Maybe library use/popularity is somewhat related to backwards compatibility.

Disclaimer: I teach Python for a living.

kelvinjps 10 hours ago | parent | next [-]

Python it's a language that really good libraries for different domains. like web: django/flask AI numpy pytorch and more. All the ecosystem for scripting and being already installed in most linux distros and on macs. For GUI it has really good bindings for the major frameworks QT,GTK.

punnerud 13 hours ago | parent | prev | next [-]

And PyTorch, and Pandas, and, and…

__mharrison__ 13 hours ago | parent [-]

Built and or inspired by NumPy...

B1FF_PSUVM 13 hours ago | parent | prev [-]

> you get a 10x increase porting to Rust (and the AI does it for you)

So, you keep reading/writing Python and push a button to get binary executables through whatever hoops are best today ?

(I haven't seen the "fits your brain" tagline in the recent past ...)

pansa2 13 hours ago | parent | prev | next [-]

>> Python 2->3 transition

> taking backwards compatibility so seriously

Python’s backward compatibility story still isn’t great compared to things like the Go 1.x compatibility promise, and languages with formal specs like JS and C.

The Python devs still make breaking changes, they’ve just learned not to update the major version number when they do so.

BarryMilo 13 hours ago | parent [-]

Indeed, Python's version format is semver but it's just aesthetics, they remove stuff in most (every?) minor version.

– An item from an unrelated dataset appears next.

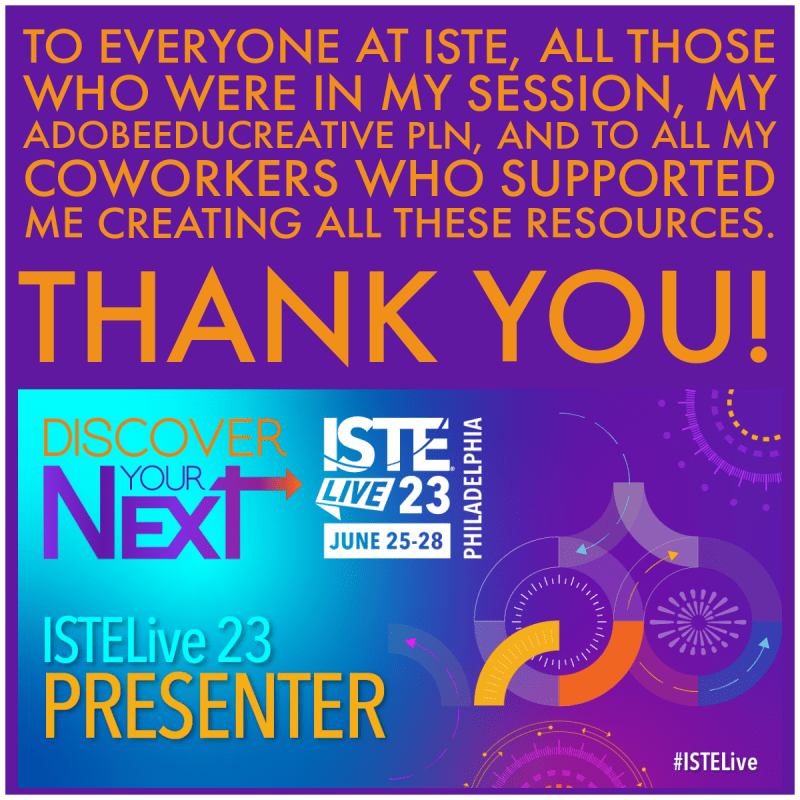 Thank you to ISTE for letting me present and accommodating my changes from in person to Virtual. Because of the format, it was more of a tech talk than an interactive group session.

Just yesterday I wasted hours trying to figure out a bug before realizing my colleague hadn't read the patch notes.

kccqzy 13 hours ago | parent | prev | next [-]

Python does not take backwards compatibility seriously. 2 to 3 is a big compatibility break. But things like `map(None, seq1, seq2)` also broke; such deliberate compatibility break is motivated by no more than aesthetic purity.

IshKebab 14 hours ago | parent | prev [-]

Python does not take backwards compatibility very seriously at all. Take a look at all the deprecated APIs.

I would say it's probably worth it to clean up all the junk that Python has accumulated... But it's definitely not very high up the list of languages in terms of backwards compatibility. In fact I'm struggling to think of other languages that are worse. Typescript probably? Certainly Go, C++ and Rust are significantly better.